TAROT: A Hierarchical Framework with Multitask Co-Pretraining on Semi-Structured Data towards Effective Person-Job Fit

Yihan Cao,Xu Chen,Lun Du,Hao Chen,Qiang Fu,Shi Han,Yushu Du,Yanbin Kang,Guangming Lu,Zi Li
2024-01-18
Abstract:Person-job fit is an essential part of online recruitment platforms in serving various downstream applications like Job Search and Candidate Recommendation. Recently, pretrained large language models have further enhanced the effectiveness by leveraging richer textual information in user profiles and job descriptions apart from user behavior features and job metadata. However, the general domain-oriented design struggles to capture the unique structural information within user profiles and job descriptions, leading to a loss of latent semantic correlations. We propose TAROT, a hierarchical multitask co-pretraining framework, to better utilize structural and semantic information for informative text embeddings. TAROT targets semi-structured text in profiles and jobs, and it is co-pretained with multi-grained pretraining tasks to constrain the acquired semantic information at each level. Experiments on a real-world LinkedIn dataset show significant performance improvements, proving its effectiveness in person-job fit tasks.

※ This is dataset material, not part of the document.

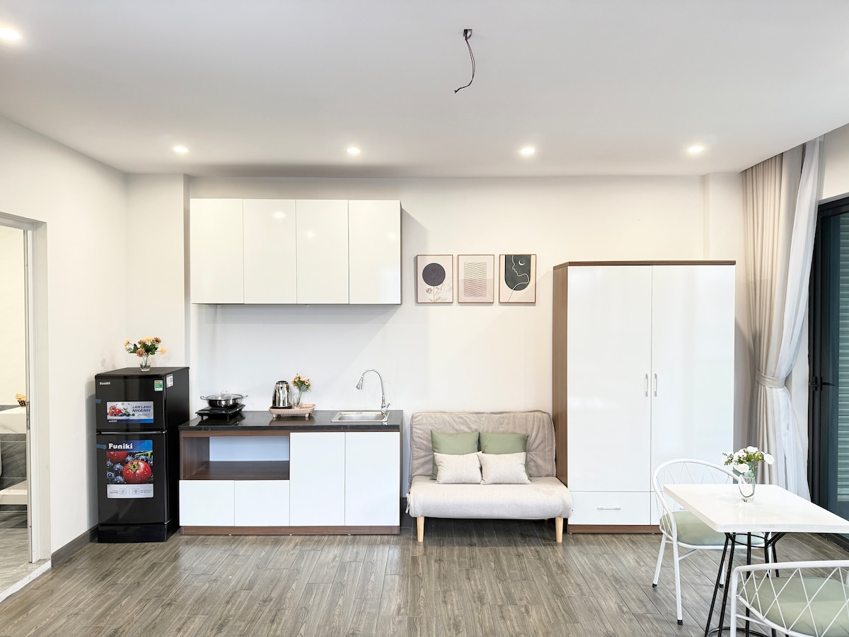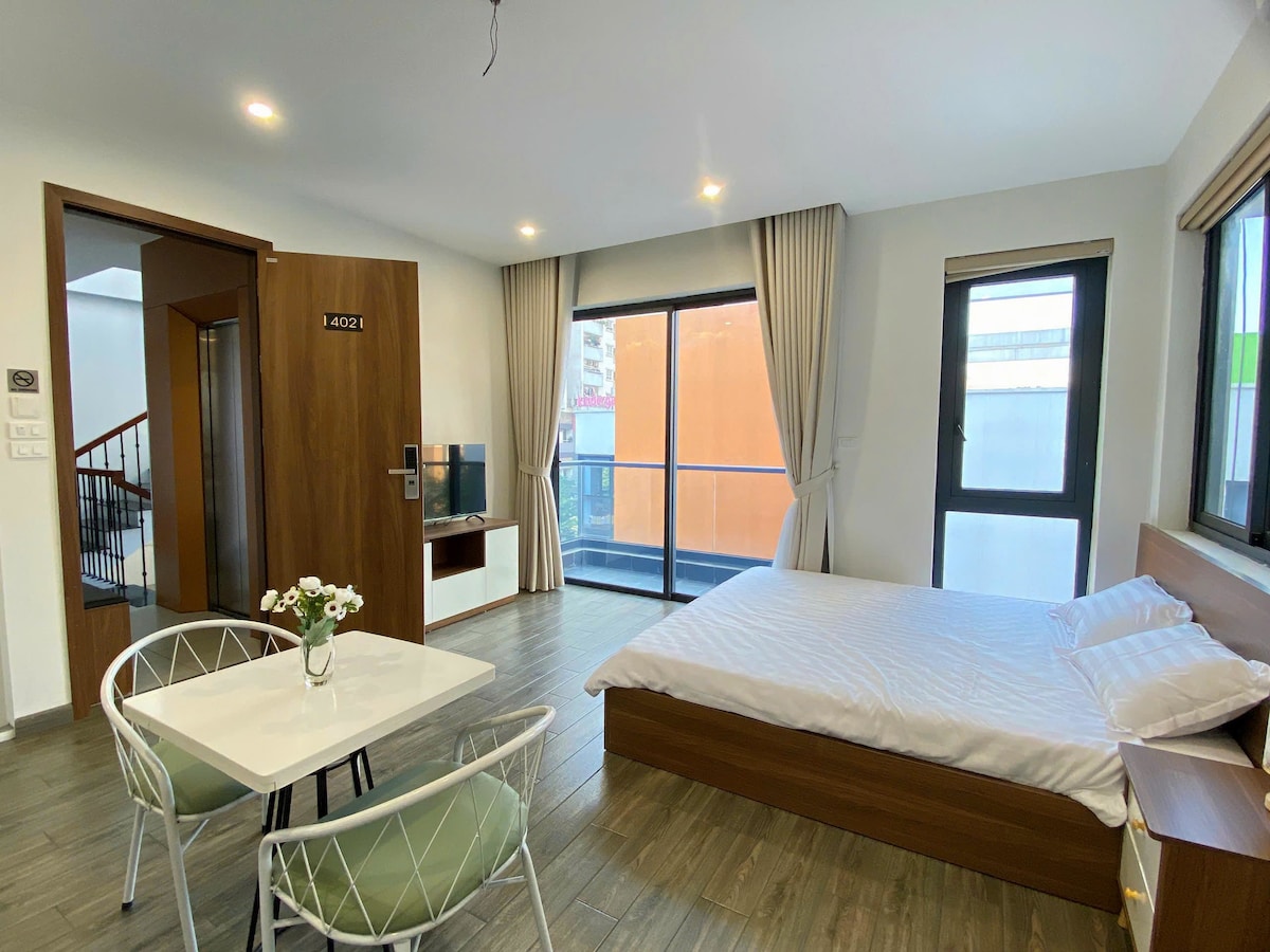 *Nous sommes Rosemary Homestay. Nous espérons vous accueillir prochainement dans l'un de nos 25 hébergements à Hanoï* Récemment studio à louer avec une bonne qualité dans la rue Hoang Quoc Viet, Hanoï. Accès en voiture. Mon appartement est à environ 8 km du lac Hoan Kiem et à 30 minutes en voiture de l'aéroport de Noi Bai. À 3 minutes de Hoa Binh International Towers and E Hospital. Il y a beaucoup de mini-marchés, de banques, de cafés et de restaurants autour. Un arrêt de bus se trouve juste à côté de l'allée.

Computation and Language,Artificial Intelligence
What problem does this paper attempt to address?
The paper aims to address the issue of Person-Job fit in online recruitment platforms, particularly in leveraging textual information from user resumes and job descriptions. Traditional approaches mainly rely on user behavior features or job metadata, but with the development of online recruitment platforms like LinkedIn, large-scale textual information from user resumes and job descriptions has become increasingly important. However, existing large language models (such as BERT, GPT-3), although performing well in natural language processing, have limitations when dealing with structured texts in specific domains. They struggle to capture the unique structural information in resumes and job descriptions, leading to the loss of potential semantic associations. To address the above issues, the paper proposes the TAROT framework, a multi-level, multi-task collaborative pre-training framework designed to better utilize the structural and semantic information in resumes and job descriptions, generating more informative text embeddings. TAROT conducts multi-granularity pre-training tasks on semi-structured text data to constrain the semantic information obtained at each level. Experimental results show that TAROT significantly improves the performance of the Person-Job fit task on real-world LinkedIn datasets.